The GoodData Platform provides an end-to-end analytics solution for capturing and loading enterprise data feeds and enables the ad-hoc querying of the data for user-defined reports of previously unavailable insights.
All operational components of this platform are stored and executed in the cloud, enabling significant architectural features, performance benefits, and overall reduced total cost of ownership.
GoodData Platform has been built from the ground up in the cloud. This enterprise-class analytics platform delivers end-to-end capabilities for capturing and storing data from disparate sources and empowering users to deliver meaningful analytics throughout the enterprise.
GoodData Platform Layers
The following diagram illustrates the layers of the GoodData Platform:
Queries submitted from the GoodData Portal are passed through the analytical engine, which breaks them down into smaller sets of queries for performance optimization and caching. These queries are submitted to the datamart for processing.
In GoodData, a datamart contains all of the loaded data and metadata (metrics, reports, and dashboards) for a single subject area. In GoodData, a datamart is called "a project."
The underlying data warehouse contains all of an organization's data and is used for feeding an organization's datamarts.
Extract, Transform & Load
ETL processes are used to acquire data from source systems, consolidate the data, and load it into data sets within the GoodData Platform. These processes can be either built in CloudConnect Designer or by using Ruby before deployment into the GoodData Platform for execution.
This multi-tenant platform features hundreds of asynchronous services that are integrated together to ensure efficient distribution, failover, and security.
- For an overview of the architecture, see Architecture Principles.
- For a visual diagram of the platform, see Platform Architecture.
- For more information on the core services, see Core Platform Services.
Depending on customer requirements, the GoodData Platform can integrate with a variety of databases for secure storage and access to data. See Data Storage.
- All customer data is stored in a data warehouse called a domain (formerly known as an 'organization'). Within a domain, there are individual projects and their data, users, ETL processes. See Structure of a GoodData Domain.
- For more information on terminology, see GoodData Glossary.
In the platform, data models are segmented into two components: the logical data model and the physical data model.
- A logical data model describes the attributes and facts contained in each dataset, as well as the relationships between these objects.
- When the logical data model is deployed to a project in the platform, it is used to create or updated the physical data model, which describes the tables in the data warehouse used to store loaded data.
- Logical data models are created in CloudConnect Designer. See Loading Data Using CloudConnect.

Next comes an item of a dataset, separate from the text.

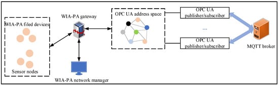 In an IWSN, the computing resources and energy of sensor devices are relatively limited, whereas those of the gateway are generally greater. Therefore, the use of a WIA-PA gateway as the coupling point between WIA-PA and OPC UA can maximize its abundant computing resources and energy. The system architecture of the WIA-PA/OPC UA joint pub/sub is illustrated in Figure 4.

Data can be loaded into a project from virtually any well-organized data source via ETL processes. These processes can be created to Extract source data from a variety of formats, including flat file, database, and JSON via API, Transform it as needed to clean, combine, and streamline the inputs, and Load it into the designated project. For more information, see Data Loading.
You can monitor deployed ETL processes through the Data Integration Console. See Data Integration Console Reference.
You can ETL develop, validate, and test processes locally in CloudConnect Designer before deployment to one or more projects in the platform. See Loading Data Using CloudConnect.
All customer data is secured and localized to the domain belonging to the customer. A user cannot access any data stored in the platform that exists outside of the domain in which the user has been created.
Most users interact with the datastore through the GoodData Portal, a web application that enables users to view or modified projects that have been created for them. See GoodData Portal.
Access to Portal features is governed by the role assigned to each user.
Queries for data from the datastore are passed through the Extensible Analytics Engine for high-performance and scalable retrieval of project assets. These queries are created by Portal request or by user entry in MAQL, a proprietary querying language. See Analytical Querying Processing.
For cloud-based software, platform security is key to the value of the brand. Security of our customer's applications and reporting is a constant driver of change and innovation.